Celia Birtwell and Ossie Clark's was an almost perfect marriage of style, and their work together helped define the era. The collaboration began with a 1966 collection for the Quorum boutique in London, which they shared with the designer Alice Pollock. It was the Clarks who began the modern catwalk show: the previous procession of modelled clothes was put to music, the London glitterati were invited, and the shows became events.

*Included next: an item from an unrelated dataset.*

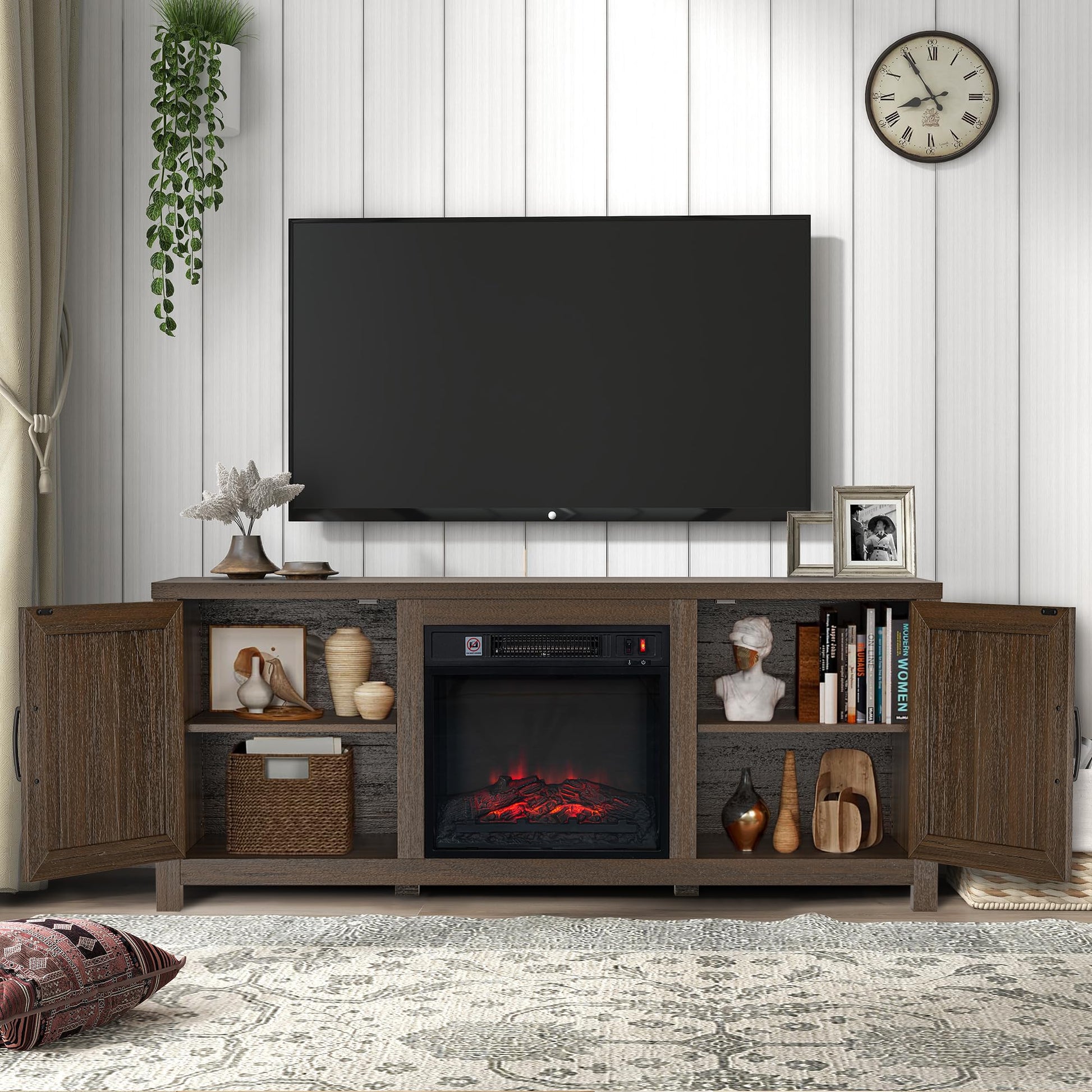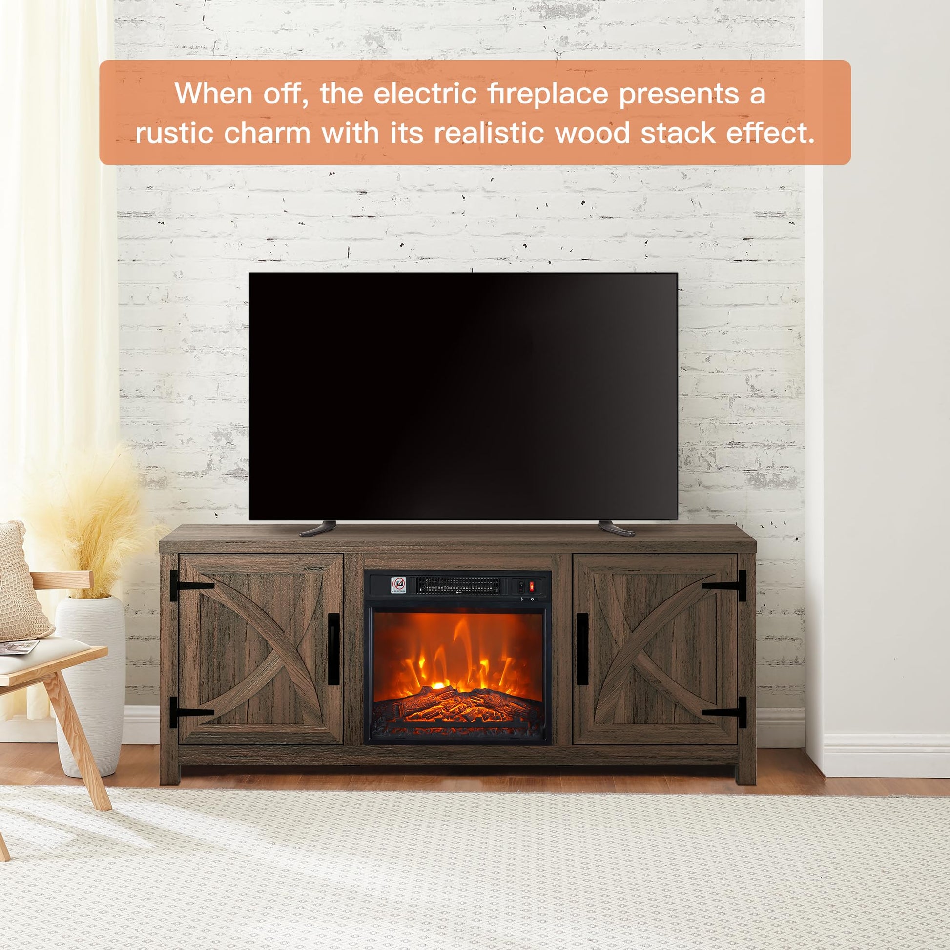 - Durable Construction The tv with fireplace is made from high-quality MDF and laminate.Enhance your living room with a traditional modern style media console featuring uniquely designed cabinet doors reminiscent of barn doors.Comes with detailed instructions for quick and hassle-free setup.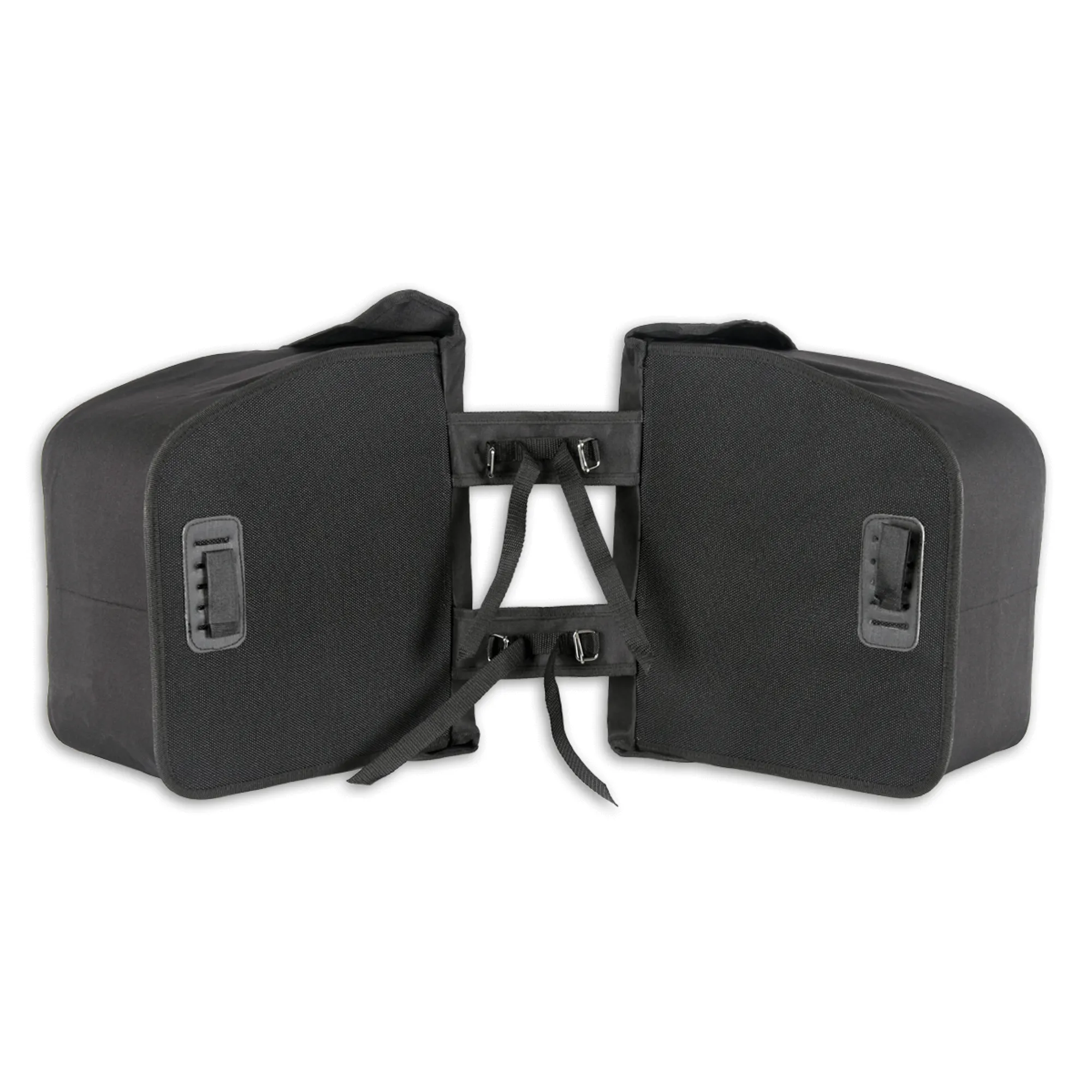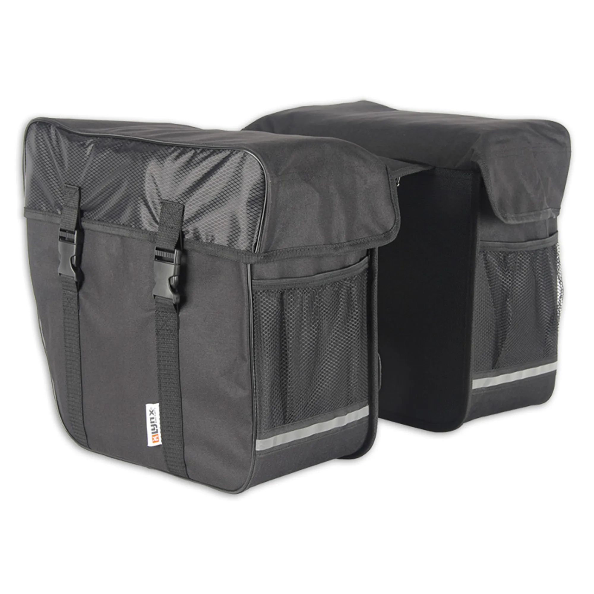 Cette double sacoche pour vélo de Lynx est un accessoire polyvalent pour tout vélo d'homme ou de femme. La sacoche est fabriquée en polyester 600D et rip-stop avec un revêtement en PVC, ce qui la rend imperméable. Avec une capacité de 35 litres et des sangles extra-larges, elle est idéale pour une utilisation sur un vélo normal ou un vélo électrique. L'élément réfléchissant offre une sécurité supplémentaire dans l'obscurité et le renfoncement entre les deux sacoches permet d'utiliser sans problème les sangles à attache rapide. L'arrondi incliné empêche le pédalage contre la sacoche avec le pied, ce qui permet à la sacoche de rester belle plus longtemps. Avec carte d'information.

He was a genius, better than Yves Saint Laurent. His cut – although he lifted it from the 1930s, he had his own take on it – even plump women felt pretty in. He didn't dress just the slimmest, which is always easier. I thought his garments were wonderful. I used to see [their] construction and the way he'd get excited about how he'd put a new sleeve in. He was a real artist. – Celia Birtwell

Birtwell worked at home designing textiles for Clark, who would use his skill in cutting and understanding of form, together with her knowledge of fabrics and textures to produce haute couture for the 1960s culture. This included work for the Rolling Stones and Beatles, Jimi Hendrix and Pink Floyd, as well as Pattie Boyd, Marianne Faithfull, Bianca Jagger, Verushka, Paloma Picasso, Talitha Getty and numerous other celebrities.

==Family==
Celia and Ossie had two children together, Albert (born 1969) and George (born 1971), but their private relationship deteriorated and they divorced in 1974.

==David Hockney==
She has been a muse for the painter David Hockney since 1968, and features in many of his paintings including Mr and Mrs Clark and Percy (1970–71), one of Hockney's most celebrated and one of the most viewed paintings in the Tate Britain gallery. In 2005, it featured on the Today programme's shortlist of the Greatest Painting in Britain. She appears in the 1974 Hockney biopic, A Bigger Splash, and the 1978 BBC documentary Seeing Through Drawing produced by Mike Dibb.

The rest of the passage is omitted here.